# 07 Fiesta ST Install



## BriST (Apr 30, 2014)

Ok, so things are coming together on this so i thought it time to write a thread about it.

I decided to use a N7 2012 3G as my head unit. I originally wanted to build an ODROID pc with touch screen but that was going to be far beyond my capabilities.

So far i have:-


N7 2012 3G with Timurs USB ROM installed
Nova Launcher with a customised (allbeit basic) home screen interface
90 degree OTG cable
Self powered USB hub
Hifimediy Sabre USB DAC ES9023
Double DIN Fascia Plate
OBDII Bluetooth Interface

The DAC will be plugged into the existing head unit, which will be hidden by means of a 3.5mm lead, thus using the head unit as an amp/controller for the 4 speakers in the car.

Ive been trying to find something suitable to power it, ive come across various pieces of kit, namely the DCDC-USB-200 Intelligent converter and its 100w little brother. There are other ITX style converters and regulators but these were the ones that suited my needs best.

Just recently i came across an older (2009) piece of kit that combines the USB hub and power conversion from 12v input to 5v out with the ability to receive a signal from the ignition to switch on/off, this was the Carnetix P5USB but i cant seem to find anyone thats used it in the type of install i have, perhaps im not looking hard enough but if anyone has any experience of this little box of tricks then any help would be appreciated. This would be my preferred option as it guarantees 500ma per port with individual trip switches in case of any short circuit/overload, it also has ignition control to aid in putting the N7 to sleep.

So, at the moment i think i have everything sorted, my only sticking point is the power source and cutting down the fascia plate to suit the N7.

As a starter, here's a quick shot of my interface v1.0, Its basic, and the buttons need sorting out but im having problems with Nova as everything snaps to grid and i dont want it to lol.


----------



## BriST (Apr 30, 2014)

Also, the idea behind getting the 3G option was to stream live radio via Tunein Pro, but this proved an epic fail as switching between antennas on the drive home last night lead to the radio losing signal and cutting out all the time, not good.

So im after any ideas or recommendations for FM tuners with a USB interface that are N7/Android compatible.

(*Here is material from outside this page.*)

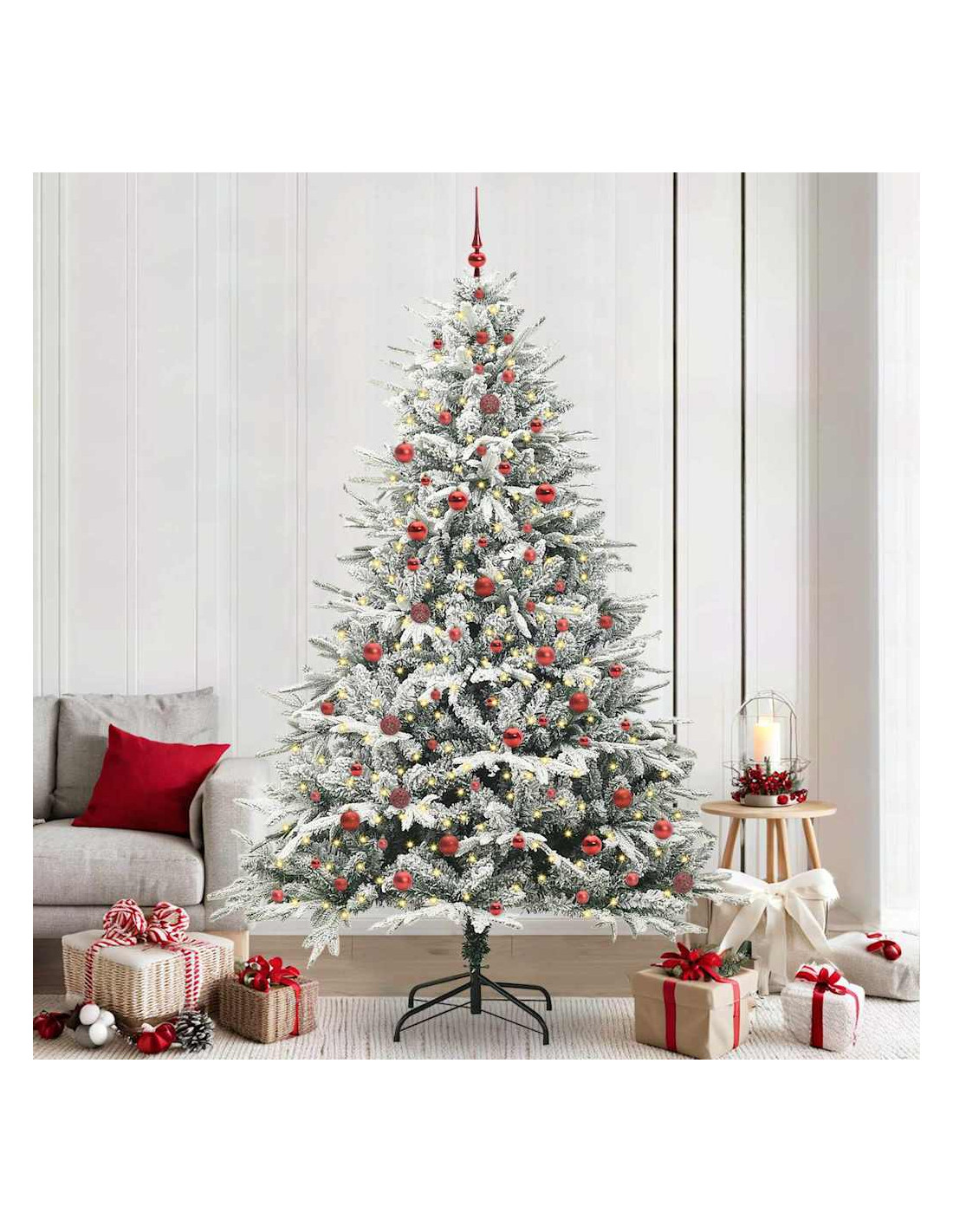- Costruzione: L'Albero di Natale Artificiale Moderno è fatto di PVC di alta qualità, resistente e con un fogliame realistico. Questa combinazione offre durata, mantenendo l'aspetto di un albero vero. Un robusto metallo dà ulteriore supporto, mescolando efficienza ed eleganza, e resiste bene sia all'interno che all'esterno.

Ive read good things about the "Directed HMHD1000I AM/FM/HD Tuner with USB interface" but its a little on the expensive side, there are smaller 'stick type ones available but i know very little about them, what will run on the N7 or even what type of app/software to use for tuning etc.

Please help.

Bri.


----------



## BriST (Apr 30, 2014)

After a bit of reading last night the Carnetix P5USB is a non-starter, at 500ma output it doesnt provide nearly enough juice to charge the nexus while in full operation so its back to the DCDC-USB-200


----------